Je n'ai pas envie de faire une profession de foi.
Et pourtant. Car je ne sais pas si tu mesures à quel point le "pré-cognitivisme" kantien suffirait, avant même de laisser à César ce qui est à César (l'empyrée et la raison) et à Dieu ce qui est à Dieu (la métaphysique et l'idéal), à expliquer les tenants et aboutissants de l'intuition dont tu parles, pour ainsi dire intellectuelle. Finalement, ce serait la psychologie de la logique, depuis laquelle tu dialectiserais volontiers, en chrétien jungien, vers quelque Dieu, en dehors de tout kantisme cette fois-ci, ou plutôt devers et en marge, ès métaphysique et idéal.

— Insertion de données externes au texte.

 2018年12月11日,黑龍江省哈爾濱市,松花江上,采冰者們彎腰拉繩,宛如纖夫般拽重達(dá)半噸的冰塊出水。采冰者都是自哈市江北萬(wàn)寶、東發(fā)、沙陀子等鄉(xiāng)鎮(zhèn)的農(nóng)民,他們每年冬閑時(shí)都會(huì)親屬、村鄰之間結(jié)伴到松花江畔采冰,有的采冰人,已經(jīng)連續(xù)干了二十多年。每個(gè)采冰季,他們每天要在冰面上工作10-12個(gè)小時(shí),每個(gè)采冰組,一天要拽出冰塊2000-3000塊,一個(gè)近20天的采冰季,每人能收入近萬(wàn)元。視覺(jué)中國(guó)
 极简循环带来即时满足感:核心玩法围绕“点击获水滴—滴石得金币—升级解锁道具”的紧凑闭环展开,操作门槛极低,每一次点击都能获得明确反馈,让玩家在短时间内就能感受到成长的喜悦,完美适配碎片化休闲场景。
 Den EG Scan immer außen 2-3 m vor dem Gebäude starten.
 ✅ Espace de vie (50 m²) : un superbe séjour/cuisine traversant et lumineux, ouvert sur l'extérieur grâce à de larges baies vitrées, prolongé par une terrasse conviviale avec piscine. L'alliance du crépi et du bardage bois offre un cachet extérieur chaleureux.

Et pourtant, j'estime ta critique recevable devant Vanleers, et je l'aime.
Vanleers a écrit:« C’est ainsi qu’il [Spinoza] ne se contente pas de s’engager dans ses luttes contre l’obscurité superstitieuse et la tyrannie politique, il les combat effectivement ; il paye de sa personne ». (Conclusion p. 113)
Friedrich Nietzsche se moque de lutter contre l'obscurité superstitieuse et la tyrannie politique en soi, contrairement aux "déductions" éthiques spinoziennes, car l'illusion est pour lui (Nietzsche) vitale, au compte de quoi - Deleuze ou pas Deleuze ...
Vanleers a écrit:
Deleuze a écrit:La philosophie théorique de Spinoza est une des tentatives les plus radicales pour constituer une ontologie pure : une seule substance absolument infinie, avec tous les attributs, les êtres n’étant que des manières d’être de cette substance. Mais pourquoi une telle ontologie s’appelle-t-elle Ethique ? Quel rapport y a-t-il entre la grande proposition spéculative et les propositions pratiques qui ont fait le scandale du spinozisme ? L’éthique est la science pratique des manières d’être. C’est une éthologie, non pas une morale.

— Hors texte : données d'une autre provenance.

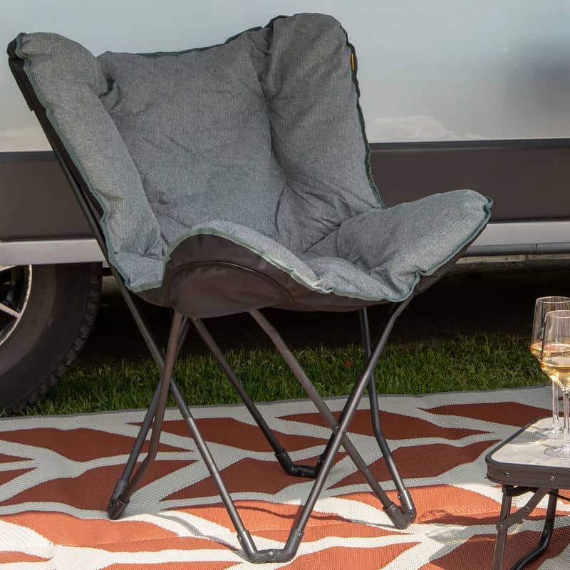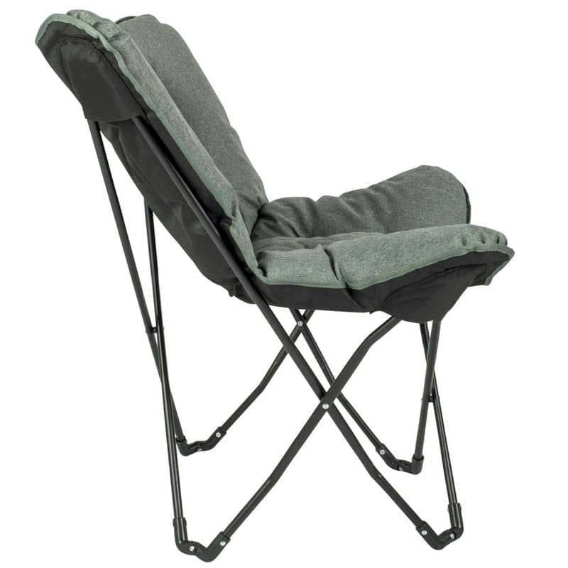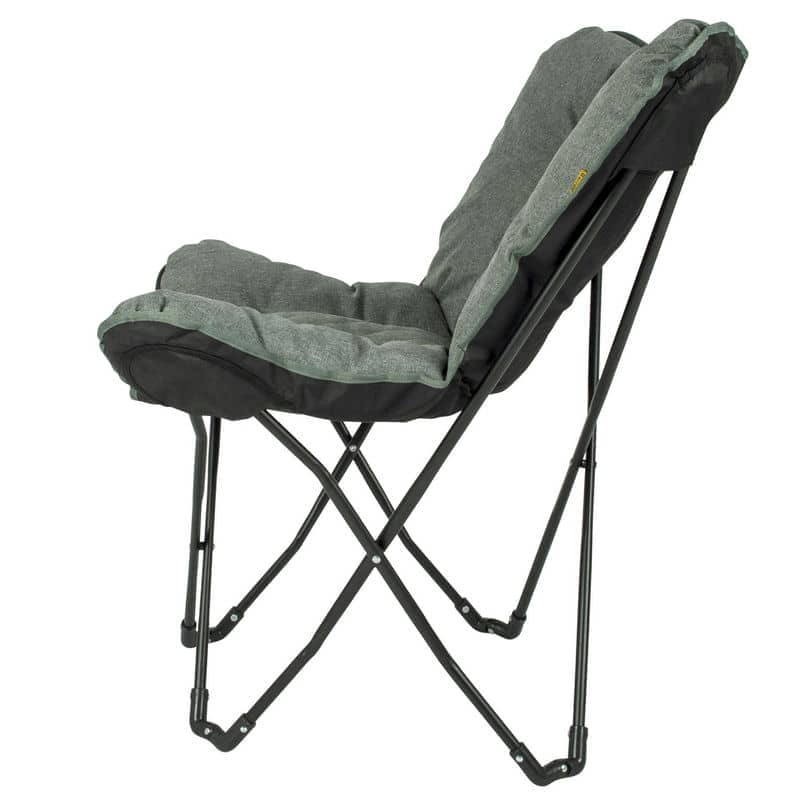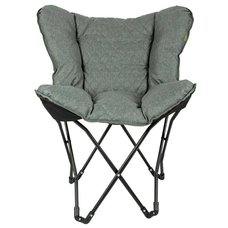 Крісло дуже легке для своїх розмірів, а сталевий каркас легко складається, завдяки чому крісло зручно переносити, в тому числі в чохлі. Крісло обладнане пластиковими ніжками, має елегантний дизайн і якісну, приємну на дотик тканину, тому воно точно не буде пилитись в кутку до наступної поїздки на природу. Адже ця модель також чудово виглядає в домашньому інтер'єрі.

... l'ontologie spinozienne reste un moralisme. C'est qu'il (Spinoza) cherche à amender l'humanité, ce que récusait Nietzsche. Le but surhumain nietzschéen n'est que d'amor fati par l'éternel retour du même, dans l'espérance, l'amour et la foi au sens zarathoustrien du respect de soi ; c'est-à-dire qu'il s'agit de permettre aux happy few (les forts sous-numéraires, victimes des faibles sur-numéraires, à condition de comprendre que cette force est de vouloir avant tout, par-devers tout, voire encontre tout) d'évoluer, car l'instinct grégaire des faibles abouliques (seraient-ils au sommet de l’État ou à la tête d'une fortune colossale) involue surtout quand il parle d'amender l'humanité. Tout le nietzschéisme tient là-dedans.

Bref, l'éthologisme spinozien reste moral, CQFD, et Gilles Deleuze n'était pas le mieux placé pour immoraliser, puisque son ontologie elle-même, est saisie entre le Bien schizoïde (risquant certes le mal schizophrène) et le Mal paranoïde (risquant le même mal), énoncés dans des formes psychiatriques pour mieux brouiller les pistes. Le spinozisme, par son individualisme panique, ne pouvait que séduire le philosophe des devenirs-infinitésimaux ; d'ailleurs, ces devenirs sont monadiques-intutionnistes, au double-sens leibnizien et bergsonien qui l'inspira aussi (Deleuze) : ceci pour soutenir l'idée d'individualisme panique.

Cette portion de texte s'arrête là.